REQUIRED WORK: So that the copy stays text only, transcribe the data below exactly and exclude the images.

DATA BLOCK:
- Opening Delimiter -
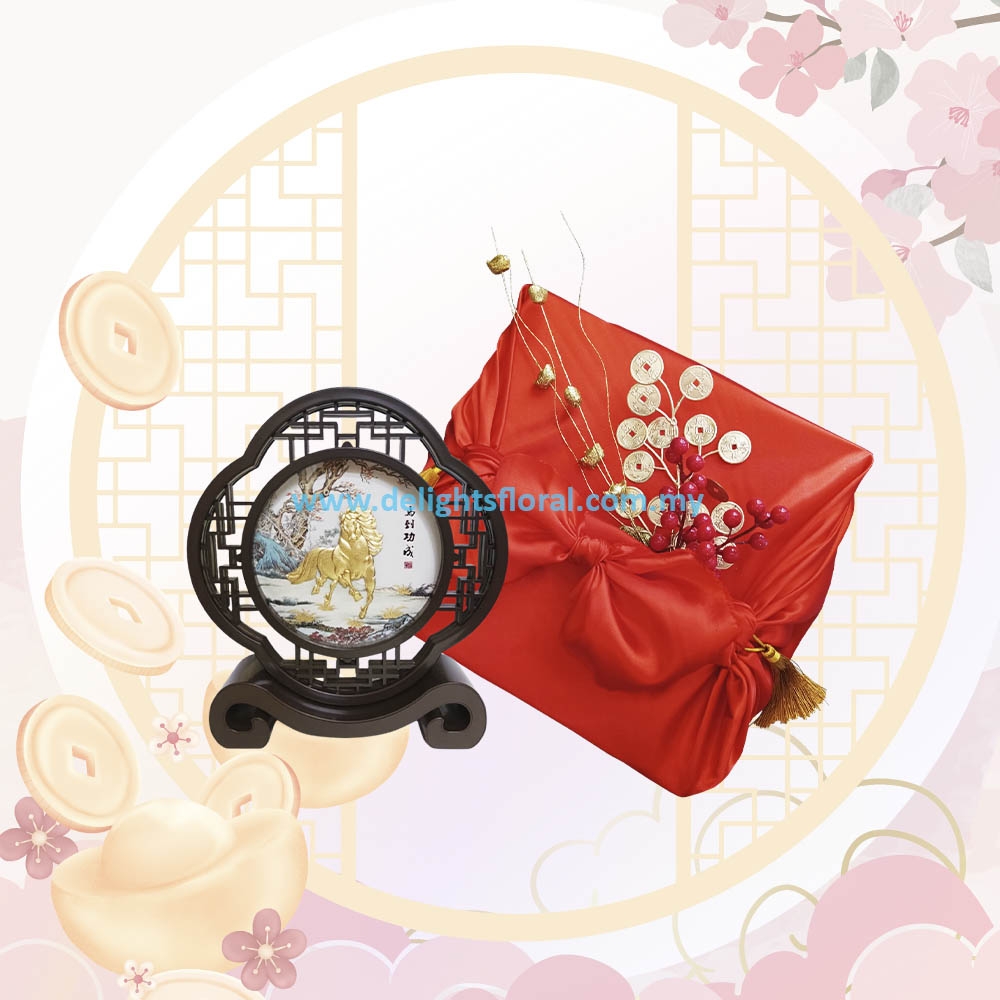 • 24K Golden Art Frame 20x22cm 1pc- Horse • Martell VSOP 70cl • Flower of Life Infinity Energy Diffuser with Plant Therapy Frankincense Essential Oil 10ml • Skylight Abalone 425g • Auspicious Yee Sang (10 pax) 850g with Abalone 180g • Ferrero Rocher T24 300g • Flower Mushroom Gift Pack 200g • Bird’s Nest, Ginseng, Tremella & Rock Sugar 6x70ml • Delights New Year Greeting Card • Elegant Packaging & Decorations • Delivery KL, PJ & Shah Alam
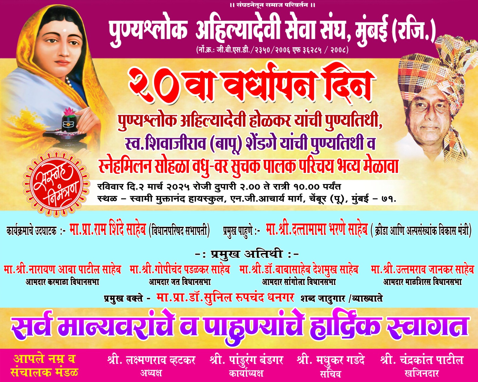 या कार्यक्रमाला कार्यक्रमाचे उद्घाटक विधानपरिषदेचे सभापती प्रा.राम शिंदे, प्रमुख पाहुणे क्रीडा आणि अल्प संख्याक विकास मंत्री आणि प्रमुख अतिथी आमदार नारायण आबा पाटील, आमदार गोपीचंद पडळकर, आमदार डॉ बाबासाहेब देशमुख, आमदार उत्तमराव जानकर आदी मान्यवर उपस्थित राहणार आहेत, पुण्यश्लोक अहिल्यादेवी सेवा संघाचे संचालक मंडळ अध्यक्ष लक्ष्मण व्हटकर, कार्याध्यक्ष पांडुरंग बंडगर, सचिव मधुकर गडदे, खजिनदार चंद्रकांत पाटील यांनी या २० वर्धापनदिना निमित्त होणाऱ्या विविध कार्यक्रमांला समाजातील जास्तीत जास्त महिलांनी व पुरुषांनी उपस्थित राहून कार्यक्रमाची शोभा वाढवावी असे आवाहन केले आहे.
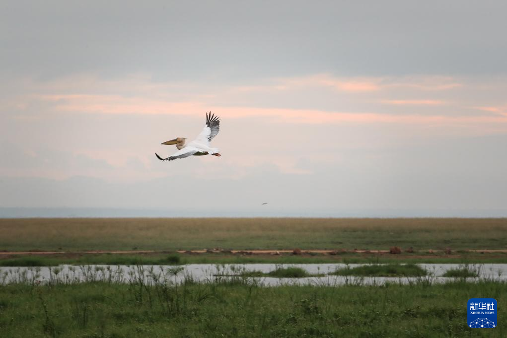 4月28日,在肯尼亚卡贾多县,鹈鹕在安博塞利国家公园里飞翔。
- Closing Delimiter -
RESPONSE AREA:
 • 24K Golden Art Frame 20x22cm 1pc- Horse • Martell VSOP 70cl • Flower of Life Infinity Energy Diffuser with Plant Therapy Frankincense Essential Oil 10ml • Skylight Abalone 425g • Auspicious Yee Sang (10 pax) 850g with Abalone 180g • Ferrero Rocher T24 300g • Flower Mushroom Gift Pack 200g • Bird’s Nest, Ginseng, Tremella & Rock Sugar 6x70ml • Delights New Year Greeting Card • Elegant Packaging & Decorations • Delivery KL, PJ & Shah Alam
 या कार्यक्रमाला कार्यक्रमाचे उद्घाटक विधानपरिषदेचे सभापती प्रा.राम शिंदे, प्रमुख पाहुणे क्रीडा आणि अल्प संख्याक विकास मंत्री आणि प्रमुख अतिथी आमदार नारायण आबा पाटील, आमदार गोपीचंद पडळकर, आमदार डॉ बाबासाहेब देशमुख, आमदार उत्तमराव जानकर आदी मान्यवर उपस्थित राहणार आहेत, पुण्यश्लोक अहिल्यादेवी सेवा संघाचे संचालक मंडळ अध्यक्ष लक्ष्मण व्हटकर, कार्याध्यक्ष पांडुरंग बंडगर, सचिव मधुकर गडदे, खजिनदार चंद्रकांत पाटील यांनी या २० वर्धापनदिना निमित्त होणाऱ्या विविध कार्यक्रमांला समाजातील जास्तीत जास्त महिलांनी व पुरुषांनी उपस्थित राहून कार्यक्रमाची शोभा वाढवावी असे आवाहन केले आहे.
 4月28日,在肯尼亚卡贾多县,鹈鹕在安博塞利国家公园里飞翔。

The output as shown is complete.